[<prev] [next>] [<thread-prev] [thread-next>] [day] [month] [year] [list]
Message-ID: <22f279ce-a655-7f1f-68c8-40bdaaf19102@huawei.com>
Date: Thu, 4 Mar 2021 15:22:52 +0800
From: "wangyanan (Y)" <wangyanan55@...wei.com>
To: Marc Zyngier <maz@...nel.org>
CC: Alexandru Elisei <alexandru.elisei@....com>,
Will Deacon <will@...nel.org>,
Catalin Marinas <catalin.marinas@....com>,
Julien Thierry <julien.thierry.kdev@...il.com>,
James Morse <james.morse@....com>,
"Suzuki K Poulose" <suzuki.poulose@....com>,
Quentin Perret <qperret@...gle.com>,
"Gavin Shan" <gshan@...hat.com>, <kvmarm@...ts.cs.columbia.edu>,
<linux-arm-kernel@...ts.infradead.org>, <kvm@...r.kernel.org>,
<linux-kernel@...r.kernel.org>
Subject: Re: [RFC PATCH 3/4] KVM: arm64: Install the block entry before
unmapping the page mappings
On 2021/3/4 15:07, wangyanan (Y) wrote:
> Hi Alex,
>
> On 2021/3/4 1:27, Alexandru Elisei wrote:
>> Hi Yanan,
>>
>> On 3/3/21 11:04 AM, wangyanan (Y) wrote:
>>> Hi Alex,
>>>
>>> On 2021/3/3 1:13, Alexandru Elisei wrote:
>>>> Hello,
>>>>
>>>> On 2/8/21 11:22 AM, Yanan Wang wrote:
>>>>> When KVM needs to coalesce the normal page mappings into a block
>>>>> mapping,
>>>>> we currently invalidate the old table entry first followed by
>>>>> invalidation
>>>>> of TLB, then unmap the page mappings, and install the block entry
>>>>> at last.
>>>>>
>>>>> It will cost a long time to unmap the numerous page mappings,
>>>>> which means
>>>>> there will be a long period when the table entry can be found
>>>>> invalid.
>>>>> If other vCPUs access any guest page within the block range and
>>>>> find the
>>>>> table entry invalid, they will all exit from guest with a
>>>>> translation fault
>>>>> which is not necessary. And KVM will make efforts to handle these
>>>>> faults,
>>>>> especially when performing CMOs by block range.
>>>>>
>>>>> So let's quickly install the block entry at first to ensure
>>>>> uninterrupted
>>>>> memory access of the other vCPUs, and then unmap the page mappings
>>>>> after
>>>>> installation. This will reduce most of the time when the table
>>>>> entry is
>>>>> invalid, and avoid most of the unnecessary translation faults.

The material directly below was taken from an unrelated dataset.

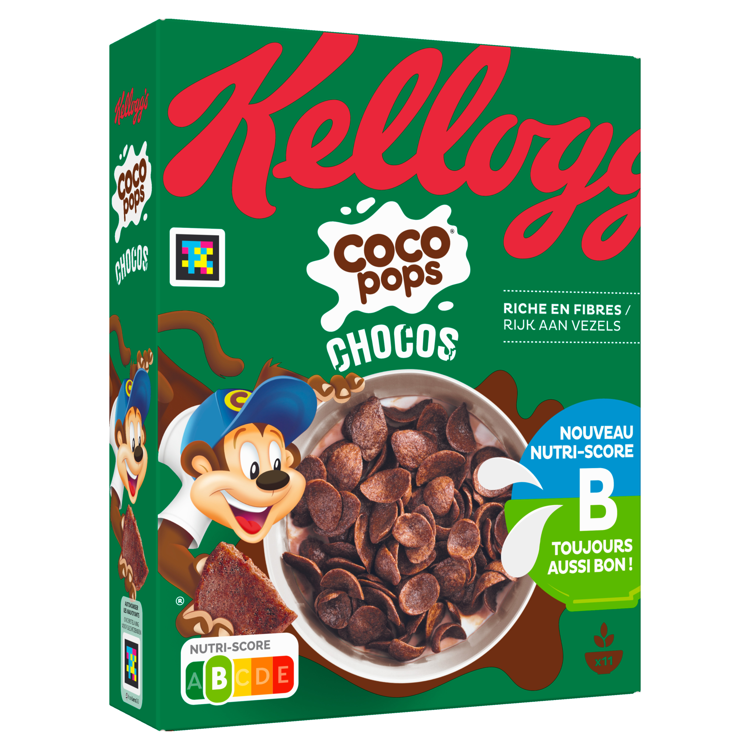 Pour bien commencer la journée, rien de tel qu'un petit déjeuner avec Coco Pops Chocos et son ami Coco, le singe malicieux ! Cocos Pops Chocos sont de délicieuses pétales de blé au bon goût de chocolat de la jungle*. Ces céréales croustillantes rendent le lait délicieusement chocolaté ! Les céréales Coco Pops Chocos ont tout pour bien commencer la journée, au sein d'un petit déjeuner équilibré avec un produit laitier et un fruit : - Une combinaison de glucides, - Riches en vitamines du groupe B et D, - Source de calcium, - Riches en fer. *Le saviez-vous ? C'est dans la jungle chaude et humide que pousse le cacaoyer. Le fruit de cet arbre, la cabosse contient des fèves que l'on peut sécher et broyer pour faire de la poudre de cacao, un ingrédient principal du chocolat.

>>>> I'm not convinced I've fully understood what is going on yet, but
>>>> it seems to me
>>>> that the idea is sound. Some questions and comments below.
>>> What I am trying to do in this patch is to adjust the order of
>>> rebuilding block
>>> mappings from page mappings.
>>> Take the rebuilding of 1G block mappings as an example.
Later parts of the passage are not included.